Key phrase parameters and their arguments

You could discover that a few of the arguments to the publish() operate have names. Names are set equal to values utilizing the = signal. Right here’s how Python capabilities get outlined. The primary argument is positional each as a result of it comes first and in addition as a result of there’s no key phrase. Keyworded arguments come after position-dependent arguments. Belief me, all of it is sensible after some time. All of us begin to suppose like Guido van Rossum.

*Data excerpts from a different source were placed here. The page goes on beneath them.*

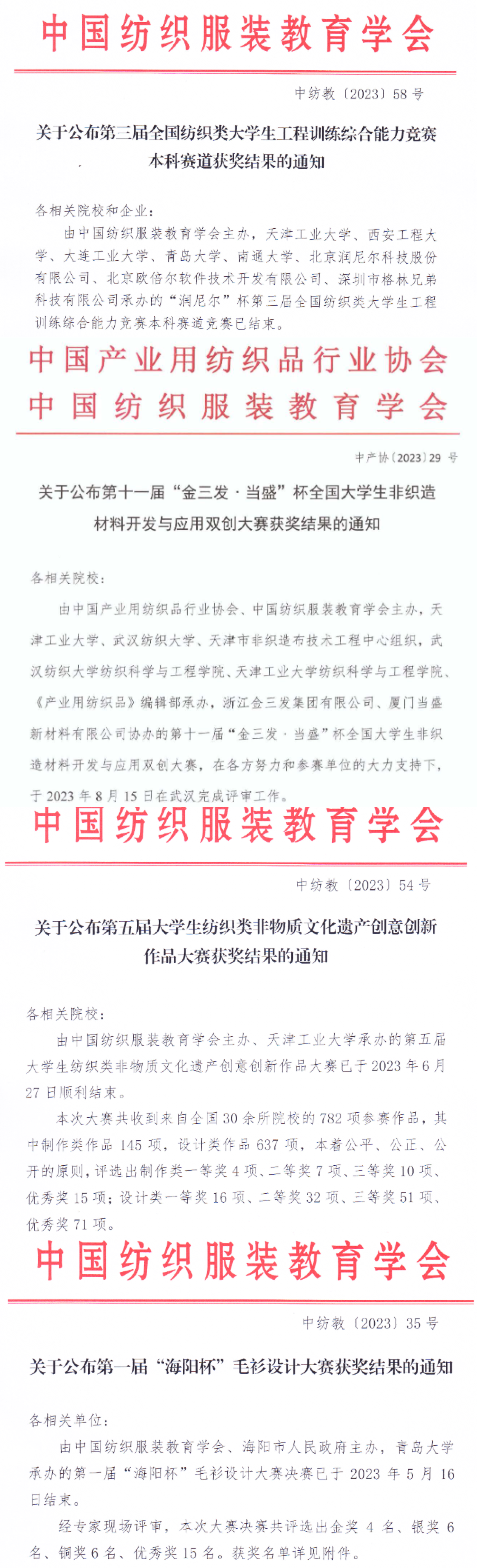 学科竞赛倡导理论联系实际、求真务实,培养学生团队意识和协同研究能力,是提升大学生创新实践能力的重要载体。纺织服装学院长期注重学生创新实践能力培养,上述成绩体现了我院师生良好的专业能力和学科素养,更是我院本科教育教学成果的重要缩影。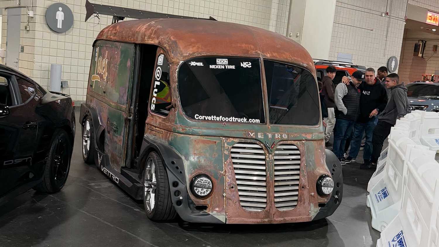 Looking closer at the Vettro, the classic van part has been upgraded with LED headlights, flared wheel arches, custom-fabricated side skirts, and a rear spoiler. It's the five-spoke alloy wheels that let you know what's lurking underneath. A standard Corvette has a top speed of 194 mph, but the International-Harvester Metro van has all the aerodynamic qualities of a loaf of bread. A target of 130 mph doesn't seem unrealistic to us, although it will take some fortitude and perhaps a little skill to hold it there if it's a breezy day.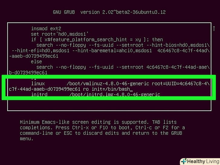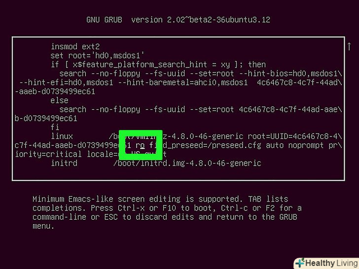 Введітьinit=/bin/bash після ro. кінець рядка повинен виглядати наступним чином:ro init=/bin/bash.- Зверніть увагу на пробіл між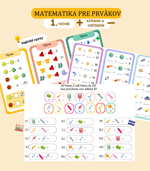 Súbor aktivít pre prvákov, ktorí si potrebujú precvičiť sčítanie a odčítanie. Deti pracujú s obrázkami namiesto čísiel, dopĺňajú číselné hodnoty a riešia príklady zábavnou formou.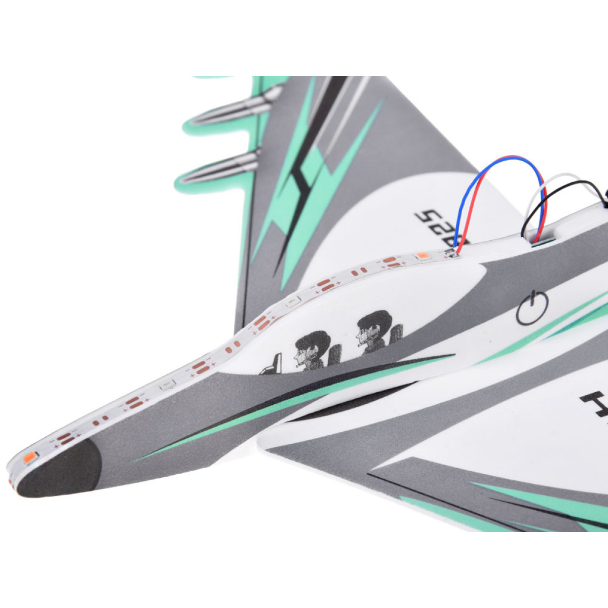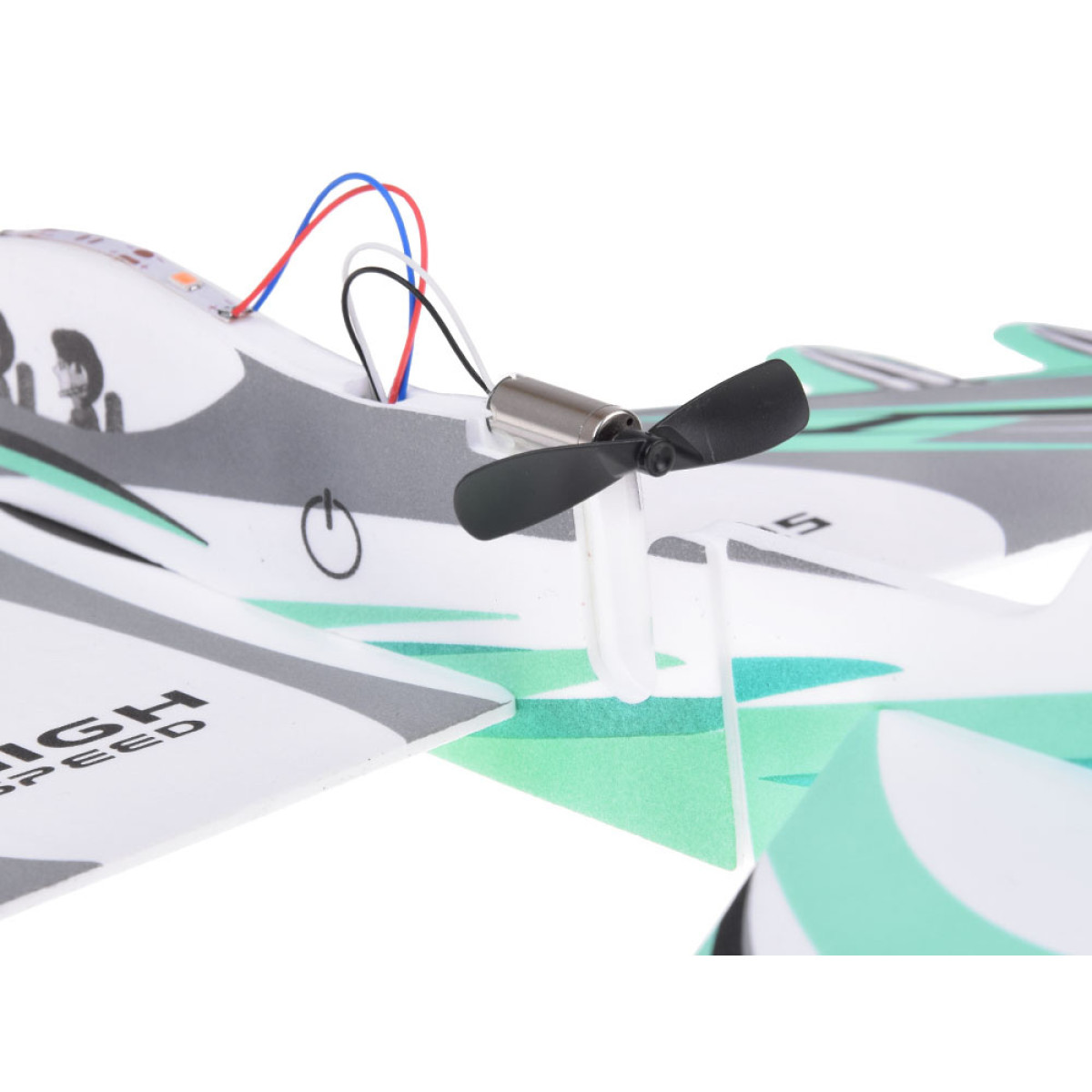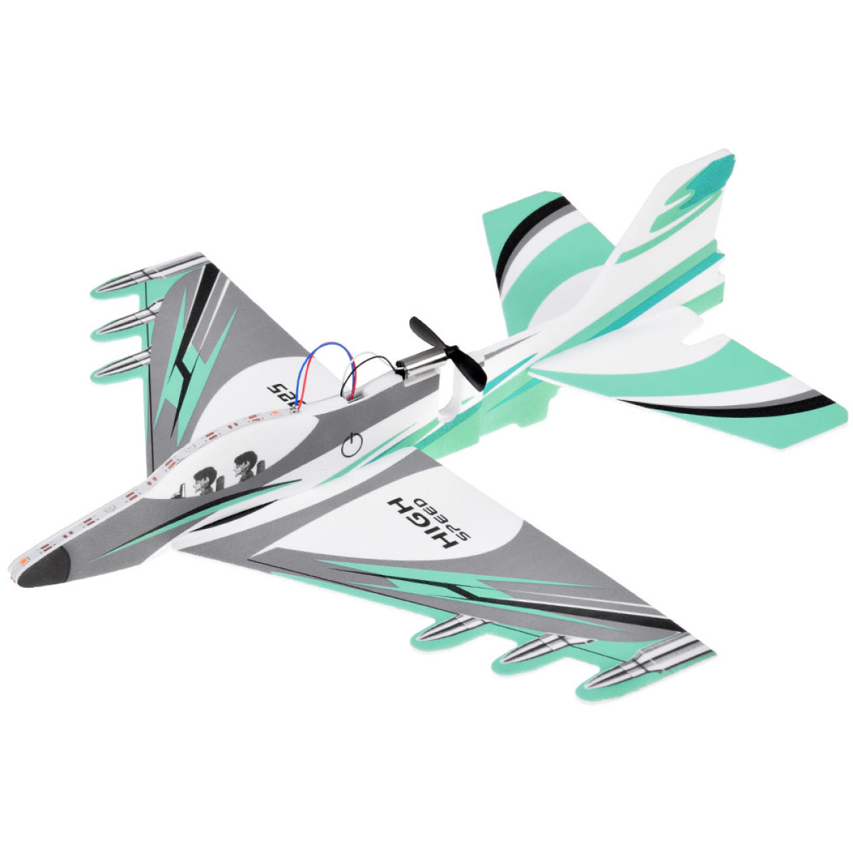 Lidmašīna ir izgatavota no putu materiāla, un platie spārni nodrošina pietiekamu celtspēju, kas nodrošina vieglu paceļšanos gaisā. Lidmašīna ar interesantu krāsojumu izskatās neparasti, un mirgojošais LED apgaismojums sniedz lielisku vizuālu efektu, īpaši vakarā.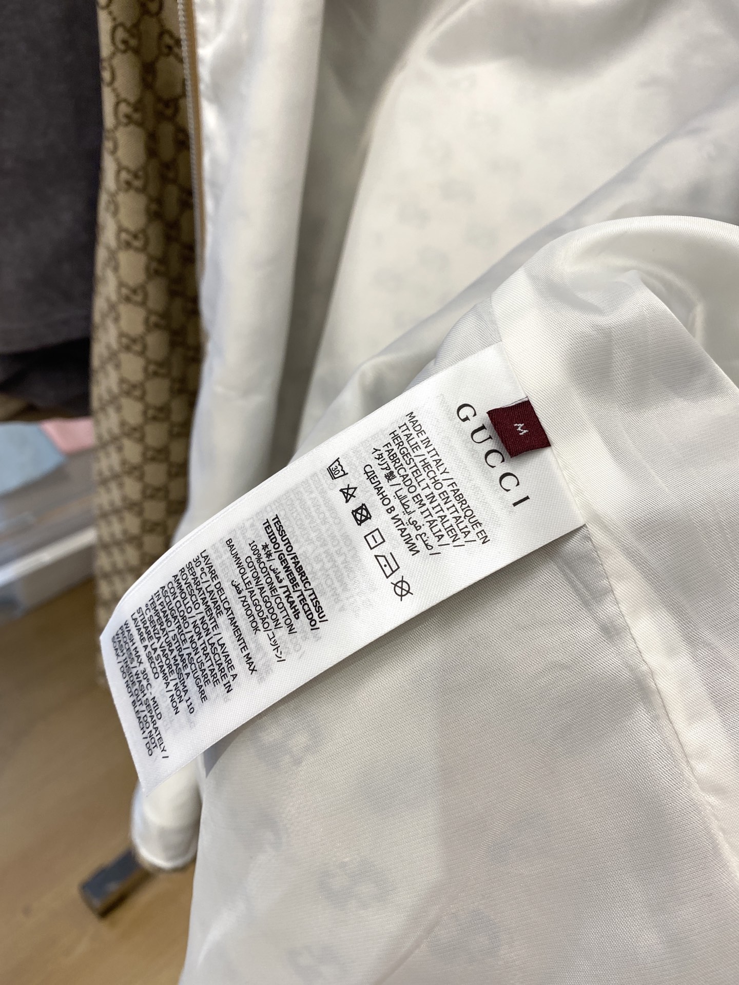 这款衣服是AAAAA 1:1 质量 (非常棒). 使用了和原版一模一样的材料. 商标部分也保持了和古奇/Gucci一样. 图片拍摄是实物衣服拍摄, 您所收到的实物保证和我们图片一模一样.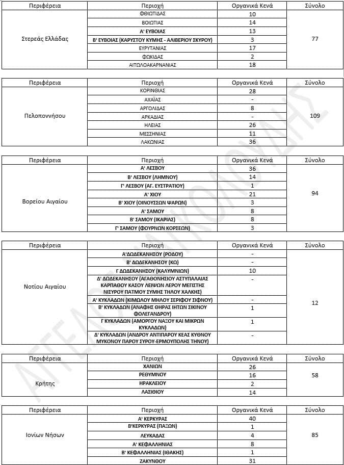 · Οι περιοχές Α’ & Β΄ Θεσσαλονίκης, Πιερίας, Καστοριάς, Λάρισας, Ιωαννίνων, Θεσπρωτίας, Δ’ Αθήνας, Αχαΐας, Αρκαδίας, Α’ Β’ & Δ’ Δωδεκανήσου, Α’ & Δ΄ Κυκλάδων δεν έχουν καθόλου οργανικά κενά.

def arbitrary_function(argument1, title=argument2):
    # do stuff

The title within the above instance is known as a “key phrase” and the values that are available in on these places are referred to as “arguments”. Now arguments are assigned to variable names proper within the operate definition, so you may check with both argument1 or argument2 anyplace inside this operate. In case you’d prefer to study extra in regards to the guidelines of Python capabilities, you may examine them right here.

Establishing the request

Okay, so let’s allow you to do all the things essential for that success assured second. We’ve been displaying the essential request:

response = requests.publish(endpoint, knowledge=json_string, auth=auth_tuple)

…however we haven’t proven all the things that goes into it. Let’s do this now. In case you’re following alongside and don’t have the requests library put in, you are able to do so with the next command from the identical terminal atmosphere from which you run Python:

pip set up requests

Usually instances Jupyter can have the requests library put in already, however in case it doesn’t, you may set up it with the next command from inside a Pocket book cell:

!pip set up requests

And now we will put all of it collectively. There’s only some issues right here which might be new. An important is how we’re taking 2 completely different variables and mixing them right into a single variable referred to as AUTH_TUPLE. You’ll have to get your personal ACCESSID and SECRETKEY from the Moz.com web site.

The API expects these two values to be handed as a Python knowledge construction referred to as a tuple. A tuple is an inventory of values that don’t change. I discover it fascinating that requests.publish() expects flattened strings for the knowledge parameter, however expects a tuple for the auth parameter. I suppose it is sensible, however these are the delicate issues to grasp when working with APIs.

Right here’s the total code:

import json
import pprint
import requests

# Set Constants
ACCESSID = "mozscape-1234567890"  # Substitute together with your entry ID
SECRETKEY = "1234567890abcdef1234567890abcdef"  # Substitute together with your secret key
AUTH_TUPLE = (ACCESSID, SECRETKEY)

# Set Variables
endpoint = "https://lsapi.seomoz.com/v2/anchor_text"
data_dict = {"goal": "moz.com/weblog", "scope": "web page", "restrict": 1}
json_string = json.dumps(data_dict)

# Make the Request
response = requests.publish(endpoint, knowledge=json_string, auth=AUTH_TUPLE)

# Print the Response
pprint(response.json())

…which outputs:

{'next_token': 'JYkQVg4s9ak8iRBWDiz1qTyguYswnj035nqrQ1oIbW96IGJsb2dZgGzDeAM7Rw==',
 'outcomes': [{'anchor_text': 'moz',
              'external_pages': 7162,
              'external_root_domains': 2026}]}

Utilizing all higher case for the AUTH_TUPLE variable is a conference many use in Python to point that the variable is a continuing. It’s not a requirement, but it surely’s a good suggestion to comply with conventions when you may.

You could discover that I didn’t use all uppercase for the endpoint variable. That’s as a result of the anchor_text endpoint is just not a relentless. There are a variety of various endpoints that may take its place relying on what kind of lookup we needed to do. The alternatives are:

  1. anchor_text

  2. final_redirect

  3. global_top_pages

  4. global_top_root_domains

  5. index_metadata

  6. link_intersect

  7. link_status

  8. linking_root_domains

  9. hyperlinks

  10. top_pages

  11. url_metrics

  12. usage_data

And that leads into the Jupyter Pocket book that I ready on this subject situated right here on Github. With this Pocket book you may prolong the instance I gave right here to any of the 12 out there endpoints to create a wide range of helpful deliverables, which would be the topic of articles to comply with.